Founder of South Africa-based Liquid Crypto-Money Shireen Ramjoo told NewsDay in an interview on Saturday just before the seminar that they were not trying to force the government or the people to accept crypto-currency, but rather to educate them on its merits.

“Crypto-currency is the fastest growing currency in the world compared to fiat currency. Bitcoin is an appreciating currency,” Ramjoo said.

“What is driving people and what we have seen worldwide with the bitcoin trend is that people are putting money in bitcoin because they feel that bitcoin is an appreciating currency. Now you know traditionally with our fiat currencies it is affected by the economic climate in the country, political issues and all those type of things.”

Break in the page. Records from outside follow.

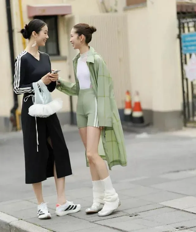 而图2那种“双人同框”尤其有意思。一个是黑色条纹长裙,一个是浅绿骑行短裤外加透感长衬衫,风格明明不同,但放一起居然不打架。为什么?因为两个人都抓住了同一个核心——侧线条+轻量感鞋子+收干净的发型。这种统一,不靠logo喊话,靠的是审美系统已经成熟了。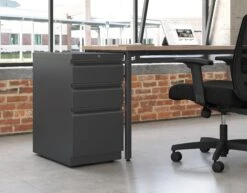 HON Flagship Mobile Pedestal | 1 Box / 1 File Drawer | Arch Pull | 15″W | Charcoal Finish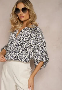 Biało-Granatowa Bluzka z Wiskozy z Rękawem 3/4 i Ornamentalnym Wzorem Belloma

She added: “But with bitcoin, because it is the world’s first decentralised currency, it is not affected by any of those things so whatever is happening with the currency does not change the price of bitcoin. The price of bitcoin is driven by the people who use it. The fact is the price of bitcoin is one as to $1 600 (as of Saturday), the highest currency for the fourth consecutive year now.”

Ramjoo said low awareness or interest in crypto-currency could be attributed to government not fully understanding the technology while people do not get the full context of it. The low-key seminar was done in two parts, a morning and afternoon session.

The seminar had a seating capacity of 50, but only drew 18 persons for the morning session and close to 10 in the afternoon session despite being an open seminar.

Attendees of the morning session told NewsDay that they saw bitcoin as a future investment vehicle.

One woman in her 40s told the paper that even if the central bank put limitations in place, crypto-currency would still grow.

“Tell the governor that we will find ways around whatever controls they put in place. How can you compete with technology?” she said.

Bitcoin is the most common crypto-currency and is part of the 800 different types that are there.

According to XE Currency Charts, looking at a review of the currency from June 2016 to date, the currency grew slightly over 100% to $769, 99 United States dollar per bitcoin.

Yesterday, the value of one bitcoin was $1 604.

Reserve Bank governor John Mangudya was on record before the seminar saying the central bank feared a spike in externalisation and cybercrime if crypto-currency was adopted locally.

Financial expert Persistence Gwanyanya said over time cryptocurrency would gain traction due to globalisation.